11.06.2008 - Friedberg (ots) - Nach dem Tod zweier junger Männer in einem Brunnenschacht Anfang Mai dieses Jahres, bestätigt nun ein Gutachten, dass es durch aus dem Grundwasser ausgasende Kohlensäure zu einer Anreicherung von Kohlendioxid in dem Schacht bei gleichzeitiger Verdrängung des Luftsauerstoffs gekommen ist.
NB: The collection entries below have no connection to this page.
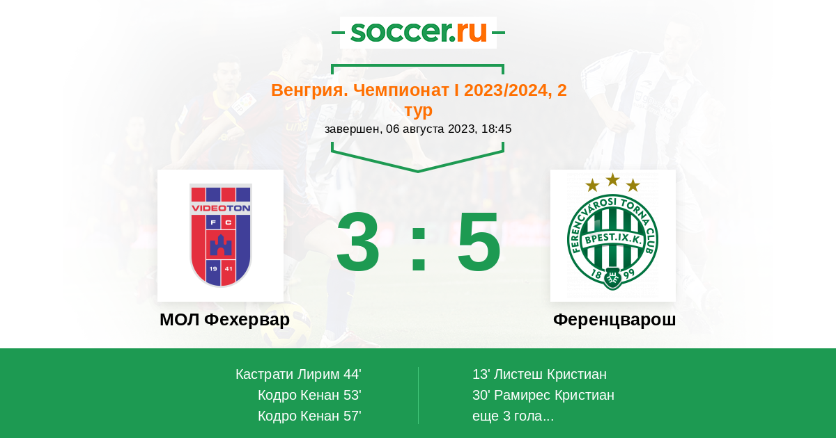 Протокол матча МОЛ Фехервар против Ференцварош
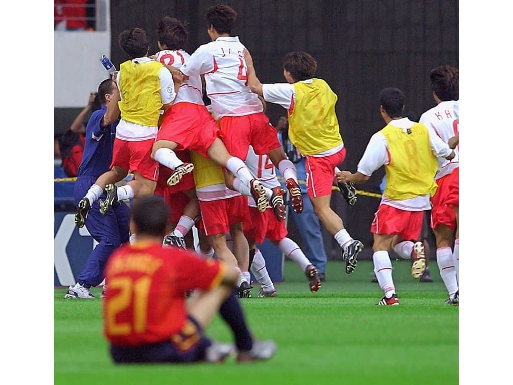 Um dos maiores ‘assaltos’ daquela copa do mundo. O terceiro à favor da Coréia. Um dos principais nomes da Espanha naquela copa, pagou o “pato” por não ter controle emocional suficiente para os pênaltis, e o ‘juizão’ colocou a Coréia numa inédita semifinais de Copa.
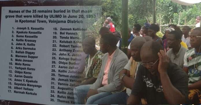 In a solemn and emotional ceremony, the Independent National Commission on Human Rights (INCHR), in collaboration with the United Nations Development Programme (UNDP), officially dedicated the massacre grave in Kpotomai Town, Voinjama District, Lofa County.
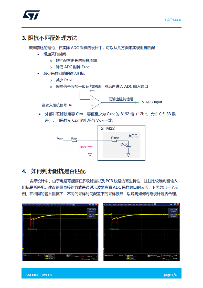 实际设计中,由于电路可能存在多级滤波以及 PCB 线路的寄生特性,往往比较难判断输入阻抗是否匹配,建议的最直接的方式是通过示波器查看 ADC 采样端口的波形,下面给出一个示例,在相同的输入阻抗下,不同的采样时间配置下的采样波形,以说明如何判断设计是否合理。
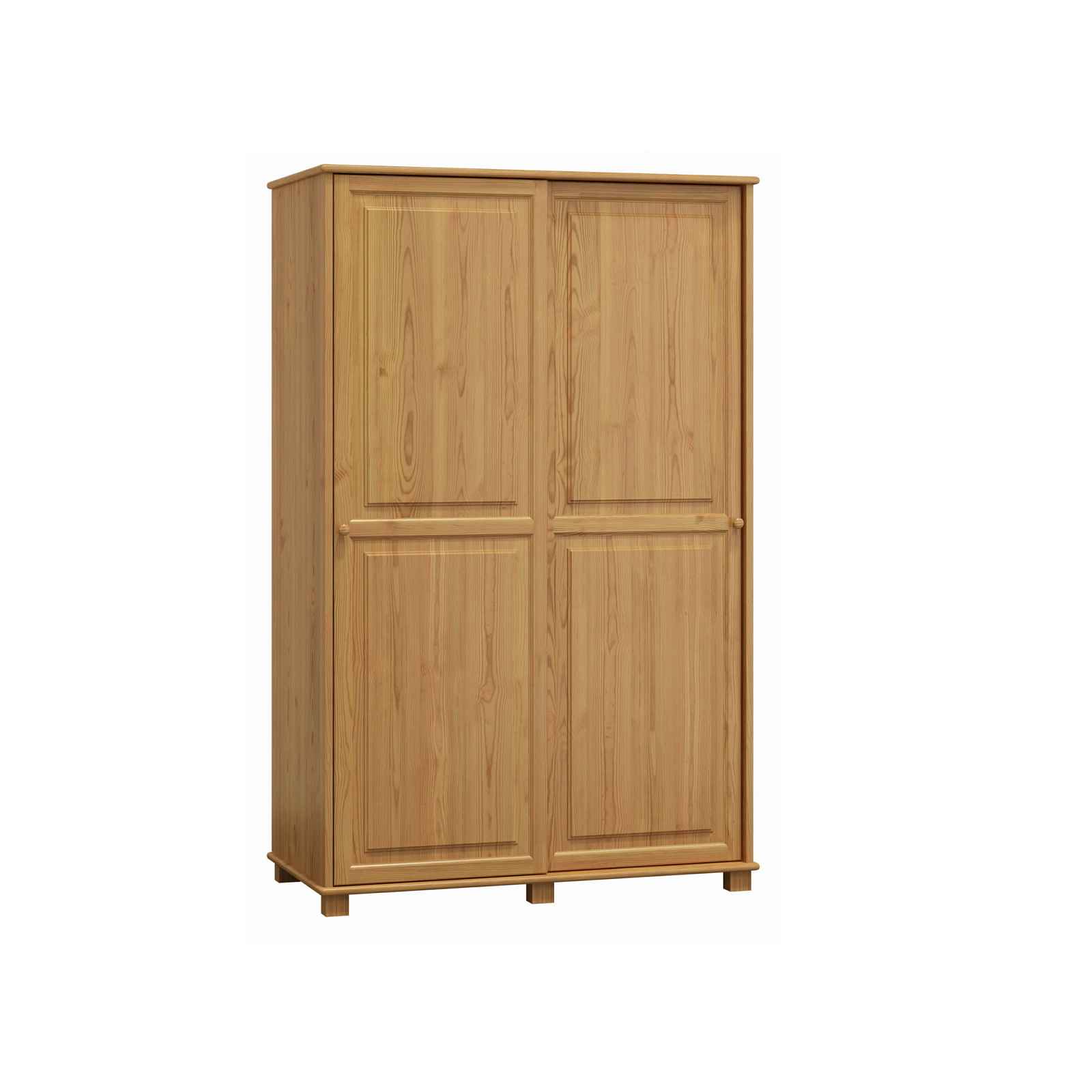 Šatní skříň s posuvnými dveřmi Materiál: masiv borovice, tloušťka 2,6 cm Barva moření: olše Rozměry (výška x šířka x hloubka): 190 x 133 x 60 cm Dodáváno v demontu.
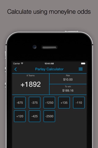 Ever wonder what an 8 leg parlay of -550 teams pays? Its a snap using the Add Multiple feature. Simply tap Add Multiple, select the number of teams to add, then set the odds.
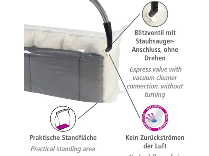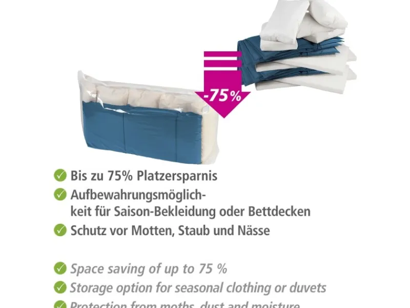 Praktisches Vakuum Aufbewahrungssystem spart bis zu 75% Platz
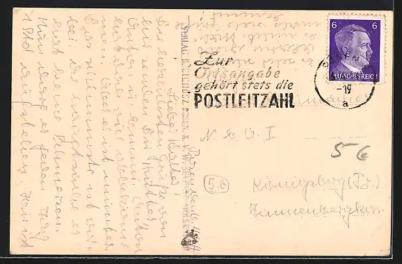 Personenbezogene Daten auf der Rückseite der Karte wurden durch blauen Textmarker unkenntlich gemacht. Die blauen Stellen sind auf die Vorderseite durchgeweicht und wirken sich negativ auf das Postkartenfoto aus
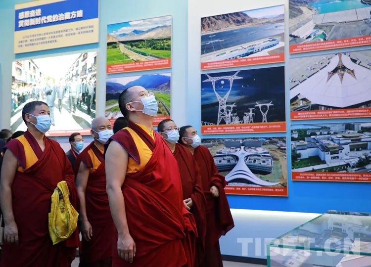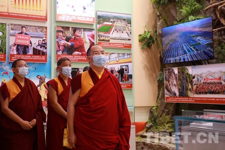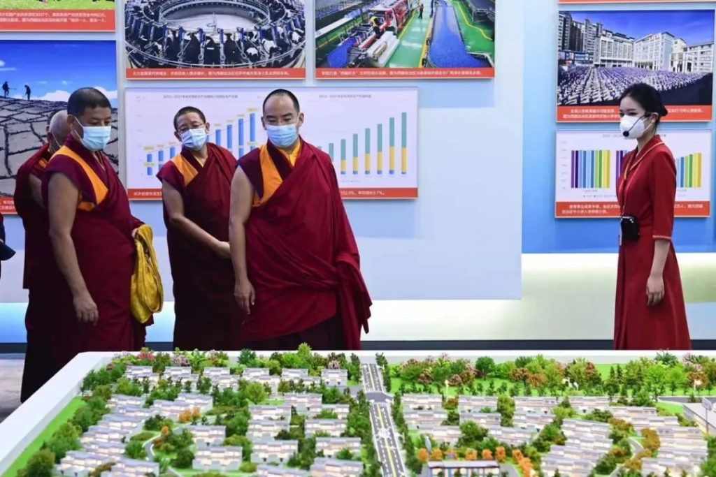 在西藏展区,多幅照片展示出新时代西藏交通网络、能源体系、保障性住房、医疗文教、生态保护等多方面的成就与巨变,以及各族群众和睦相处的影像,各对口援藏省市援建的“连心桥”、蔬菜种植基地等惠民项目。班禅看到新时代十年来西藏经济社会各领域翻天覆地的发展变化,深有感触地说:“近些年来,我在西藏经常走村入户、深入基层,其中有两样东西最常见、印象最深,一是五星红旗,二是老百姓发自内心流露出来的笑容。五星红旗代表着各族群众对伟大祖国的热爱、对中国共产党的拥护、对人民领袖的爱戴,流露出来的笑容充分体现了新时代十年以来我们各族群众的获得感、幸福感。”
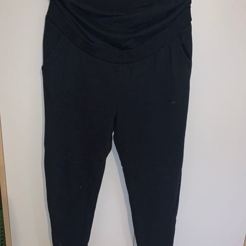 Erittäin hyväkuntoiset ja mukavat yhden talven käytetyt raskausajan mustat toppahousut talvikeleillä ulkoiluun.
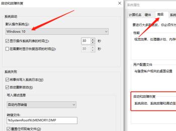3. 如图,在弹出的窗口中,下方找到启动和故障恢复栏,点击右侧的设置按钮,在弹出的窗口中,设置默认系统是win10
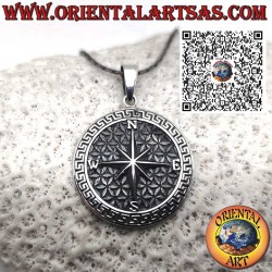 A pendant rich in symbolism, crafted from 925 sterling silver. At the centre lies the Compass Rose, representing guidance, direction, and protection, engraved upon the Flower of Life—an ancient sacred geometry symbol of universal harmony, interconnection, and vital energy.
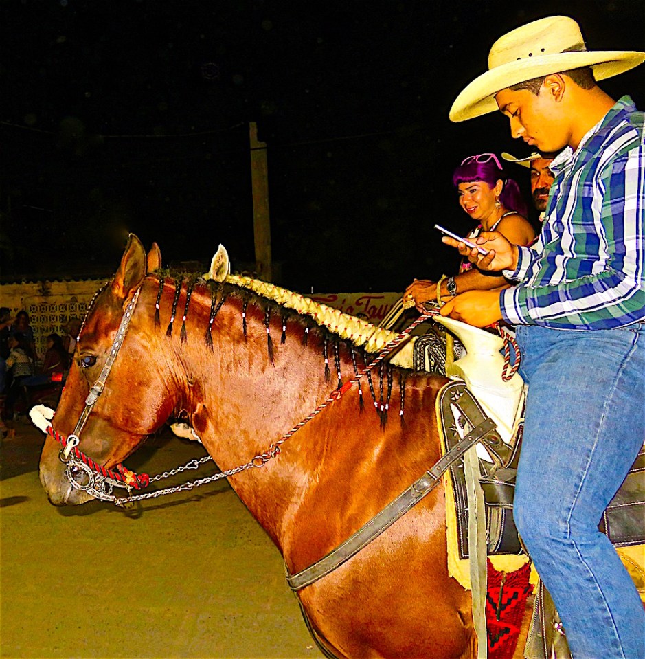 IMG_3014 (1) ← Previous Next → Even cowboys get the urge to text now and then. Fortunately for me, because he stopped to do so and I got to photograph his horse’s intricate hairdo. Cowboys don’t text and drive!!

Dieses Gasgemisch ist hochtoxisch und hat offensichtlich zu dem festgestellten Erstickungstod geführt. Polizei und Wasserbehörde warnen in diesem Zusammenhang auch andere unbedarfte Schachtbrunnenbenutzer.
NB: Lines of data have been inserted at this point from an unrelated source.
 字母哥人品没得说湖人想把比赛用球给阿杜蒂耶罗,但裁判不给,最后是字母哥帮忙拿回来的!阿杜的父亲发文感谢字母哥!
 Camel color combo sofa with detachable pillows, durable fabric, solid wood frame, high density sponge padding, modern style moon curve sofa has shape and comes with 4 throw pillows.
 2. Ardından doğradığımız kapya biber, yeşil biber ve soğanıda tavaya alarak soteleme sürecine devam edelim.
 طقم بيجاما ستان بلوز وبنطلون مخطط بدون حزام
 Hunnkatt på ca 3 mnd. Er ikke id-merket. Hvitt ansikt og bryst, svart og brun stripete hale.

Wie berichtet, waren am Freitag, 9. Mai 2008, um 16.45 Uhr, zwei junge Männer im Alter von 28 und 31 Jahren in einem Brunnenschacht in der Feldgemarkung von Ilbenstadt bewusstlos aufgefunden worden. Nach der Rettungsaktion durch die hinzu gerufene Feuerwehr und anhaltender Reanimation verstarben sie jedoch kurze Zeit später im Krankenhaus. Bei dem Unglücksort handelt es sich um ein außerhalb in einem Wiesengelände gelegenes Grundstück der Familie des verunglückten 28-Jährigen. Im Bereich der hier stehenden Maschinenhalle hatte er zusammen mit seinem Freund, dem ebenfalls verunglückten 31-jährigen Ilbenstädter erst wenige Wochen zuvor eine Grube ausgebaggert und einen Wassersammelbehälter als herkömmlichen Brunnen zum Besprengen der Gartenfläche angelegt. Dabei handelt es sich um sechs aufeinandergestapelte Betonringe mit einem Durchmesser von 110 cm und einem konischen Betonkopf mit einem runden Betondeckel von 60 cm Durchmesser. Die Betonringe haben im Innenbereich übliche Steigeisen. Eine eingebaute, handelsübliche elektrische Saugpumpe förderte über einen Ansaugschlauch das im knapp fünf Meter tiefen Brunnen gesammelte Grundwasser unterirdisch zu einem Wasserhahn im Bereich der Maschinenhalle. Der Brunnen war bereits in Betrieb genommen und die Anlage hatte auch schon Wasser gepumpt. An dem Freitag wurde nach der Rettungsaktion ein Wasserstand von rund 3,4 Meter unter Gelände gemessen, womit in dem Brunnen eine Wassersäule von rund 1,4 Meter vorlag.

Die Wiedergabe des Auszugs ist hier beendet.